# Raw data
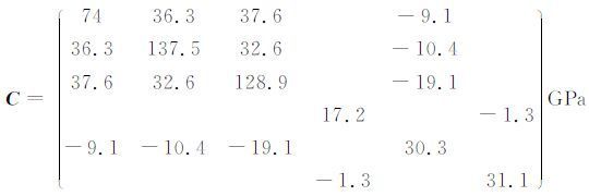 钠长石的密度ρ=2.62g/cm3,弹性系数矩阵[6, 17]为:
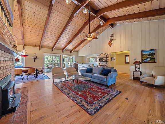 Live in the Heart of Evergreen with this stunning mid-century modern ranch nestled on a serene park-like setting. This home offers desirable main-level living and cathedral ceilings that add a touch of grandeur to the open-concept floor plan, making it ideal for entertaining. A lovely double-sided fireplace serves as the focal point of the spacious great room, creating a warm and inviting atmosphere. Abundant windows capture breathtaking sunsets to the west while providing easy access to the 830+-square-foot deck and gentle lot from the kitchen, great room and the primary suite. The primary suite on the main level features a beautifully remodeled bath with a walk-in shower and double sinks. This home has been meticulously maintained and features a new roof installed in 2023, along with a new high-efficiency boiler installed in April 2024. Additionally, it offers epoxy garage floors, a hot tub, a generator, and a private guest retreat on the lower level, including amenities such as a private bedroom with mini-fridge and sink, a full bath, and a family room with a cozy wood-burning fireplace. Enjoy abundant sunshine year-round, with the circular asphalt driveway ensuring quick snowmelt during winter months. With several Jeffco Open Space Parks and Evergreen Lake just minutes away, outdoor enthusiasts will delight in the endless hiking and mountain biking opportunities right at their doorstep. Conveniently located near schools, shopping, churches, and restaurants, this property also offers easy access to I-70 for commuting to Denver or exploring the picturesque mountains to the west.
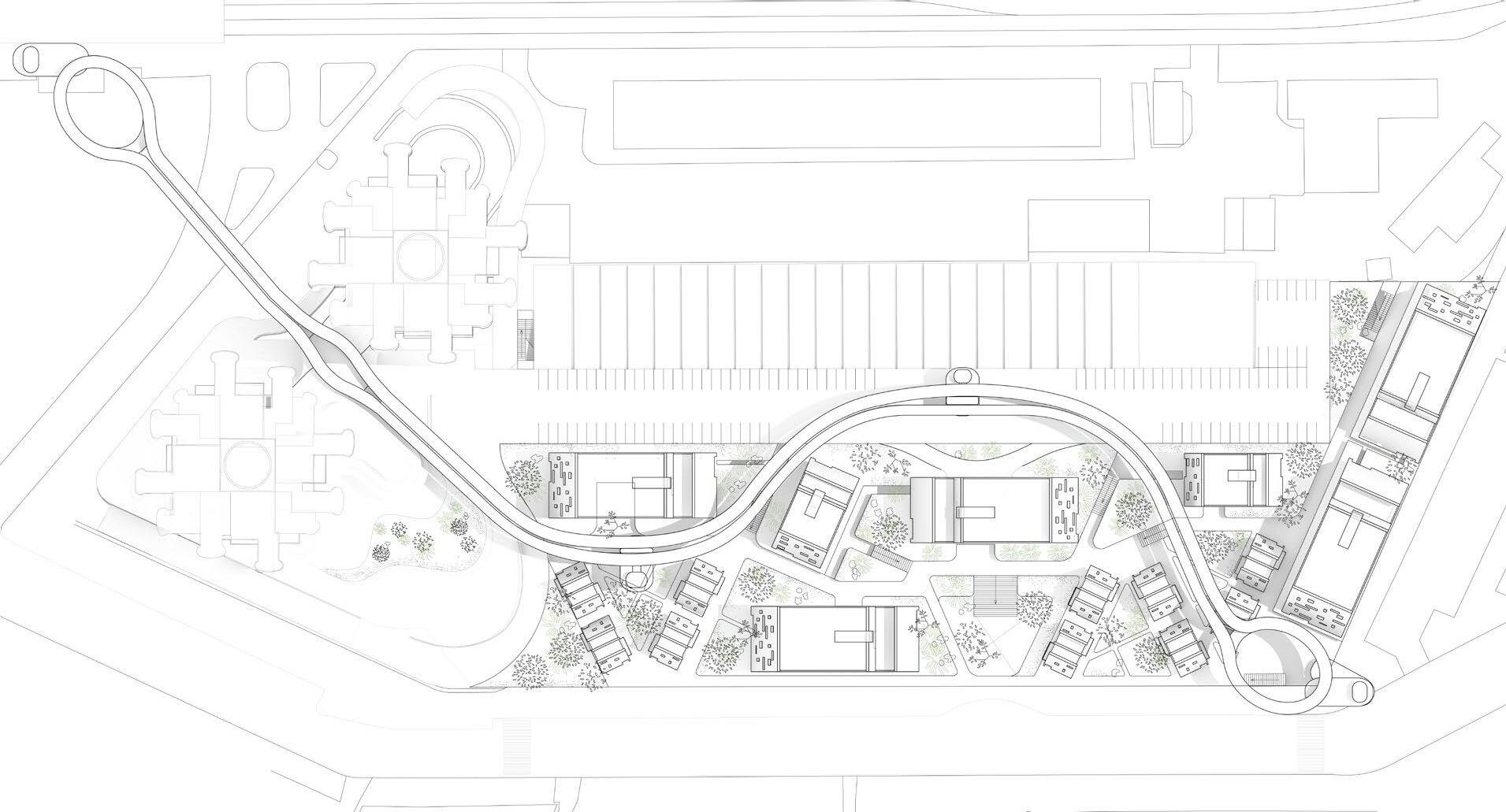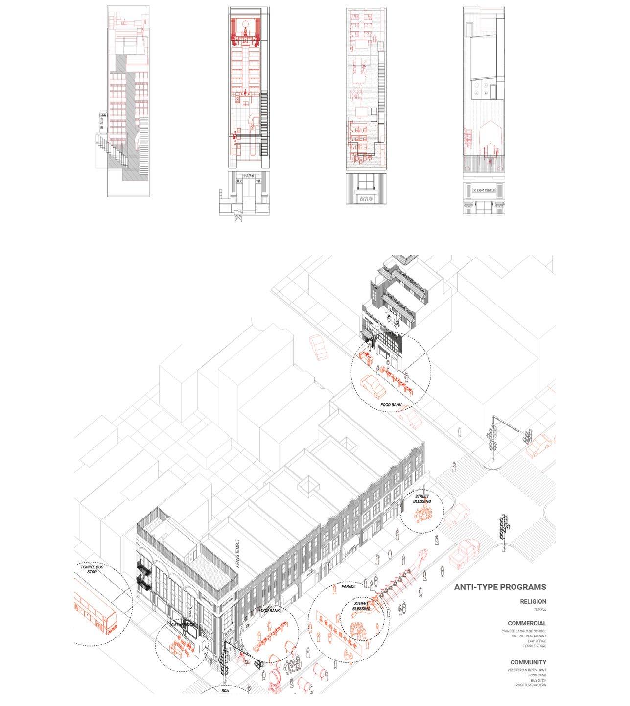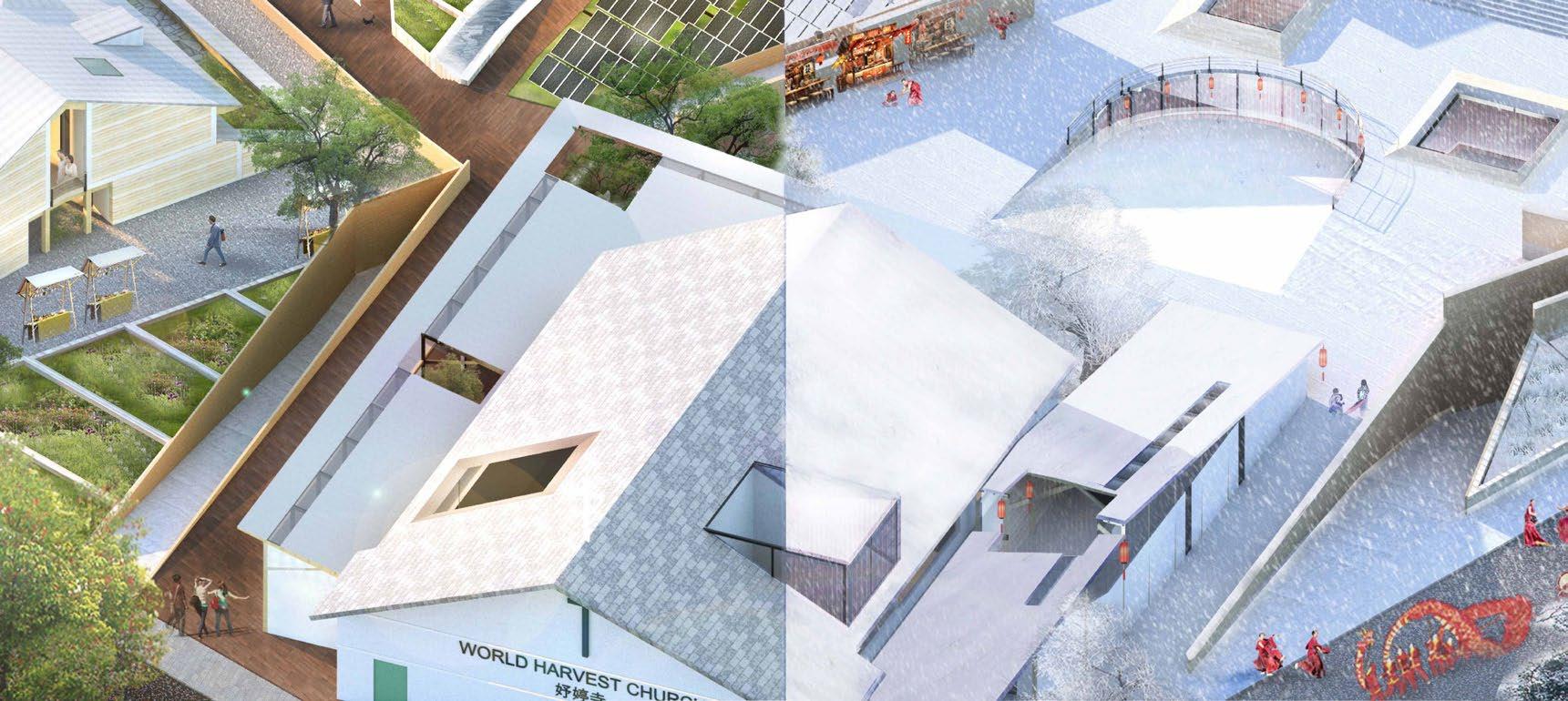 The inactive church remains a focal structure, with temple programs surrounding and integrating into its interior. Residential blocks are designed as two-level units: ground floors cater to families, while second floors accommodate couples. The education and composting centers are located underground to optimize space usage and minimize visual disruption.

# What the task asks
Since the pictures are not wanted, give the material again exactly without them.

# Answer for the task
 钠长石的密度ρ=2.62g/cm3,弹性系数矩阵[6, 17]为:
 Live in the Heart of Evergreen with this stunning mid-century modern ranch nestled on a serene park-like setting. This home offers desirable main-level living and cathedral ceilings that add a touch of grandeur to the open-concept floor plan, making it ideal for entertaining. A lovely double-sided fireplace serves as the focal point of the spacious great room, creating a warm and inviting atmosphere. Abundant windows capture breathtaking sunsets to the west while providing easy access to the 830+-square-foot deck and gentle lot from the kitchen, great room and the primary suite. The primary suite on the main level features a beautifully remodeled bath with a walk-in shower and double sinks. This home has been meticulously maintained and features a new roof installed in 2023, along with a new high-efficiency boiler installed in April 2024. Additionally, it offers epoxy garage floors, a hot tub, a generator, and a private guest retreat on the lower level, including amenities such as a private bedroom with mini-fridge and sink, a full bath, and a family room with a cozy wood-burning fireplace. Enjoy abundant sunshine year-round, with the circular asphalt driveway ensuring quick snowmelt during winter months. With several Jeffco Open Space Parks and Evergreen Lake just minutes away, outdoor enthusiasts will delight in the endless hiking and mountain biking opportunities right at their doorstep. Conveniently located near schools, shopping, churches, and restaurants, this property also offers easy access to I-70 for commuting to Denver or exploring the picturesque mountains to the west.
 The inactive church remains a focal structure, with temple programs surrounding and integrating into its interior. Residential blocks are designed as two-level units: ground floors cater to families, while second floors accommodate couples. The education and composting centers are located underground to optimize space usage and minimize visual disruption.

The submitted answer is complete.